Председатель Регионального духовного управления мусульман Самарской области ЦДУМ России Талип Яруллин в интервью «Миллиард.Татар» высказался об инициативе Узбекистана по установке памятника Тамерлану на территории области, рассказал о том, как работают мечети в условиях пандемии, а также прокомментировал ситуацию вокруг «закрытия мечети» в Сызрани.
«В ситуации с мечетью в Сызрани местным мусульманам нужно было работать, а не просто разглагольствовать»
— Талип хазрат, почему ситуация с мечетью в Сызрани дошла до такого обострения? И какова все-таки дальнейшая судьба здания?

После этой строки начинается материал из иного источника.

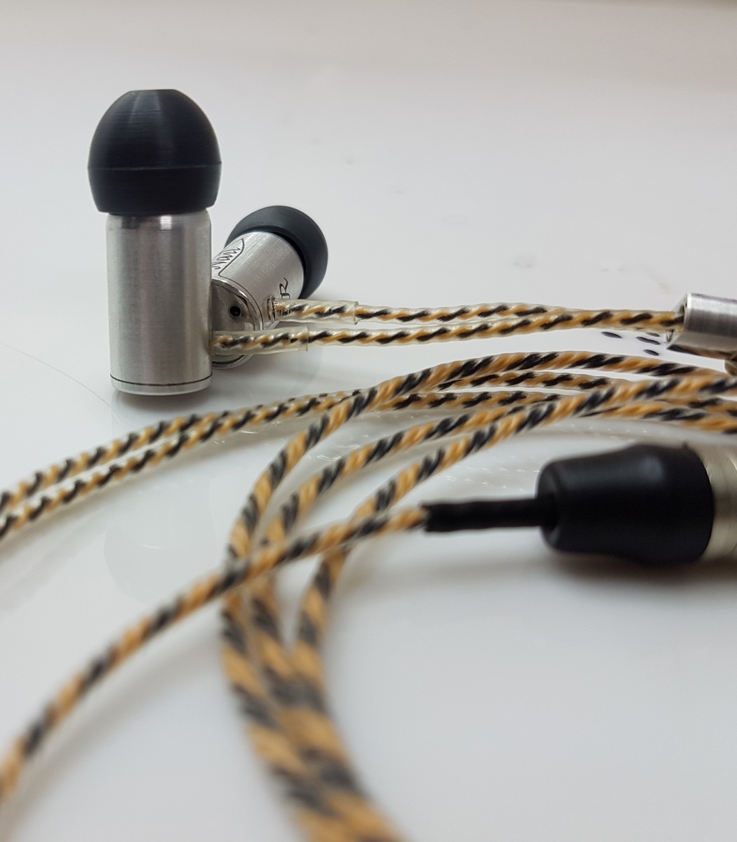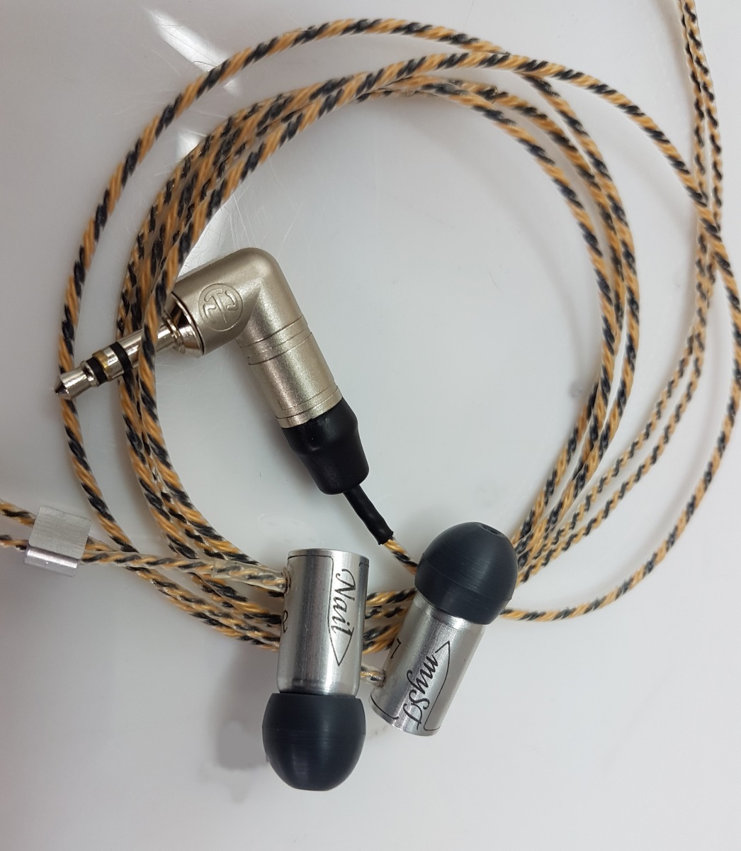 Внешне ушки немного располнели. Теперь это не «гильза» от «мелкашки», а скорее патрон Макарова с диаметром около сантиметра. Материал - алюминий, форма – цилиндрическая, с плавным закруглением от корпуса к звуководу, который, как и положено, прикрыт мини фильтром для защиты от серы. Провод очень прочный и симпатичный, из посеребренной меди и вооруженный jack Neutrik 3,5 мм.

— На прошлой неделе (интервью записывалось 27 декабря 2021 года, — прим. ред.) мы были в Сызрани, собирались со многими людьми, в том числе и с главой [городской администрации]. Этот вопрос стоит уже давно. Там земля не была оформлена — по бумагам жилая застройка, а на деле культовое здание. То есть они построили мечеть, но не привели статус земельного участка в соответствие с законодательством.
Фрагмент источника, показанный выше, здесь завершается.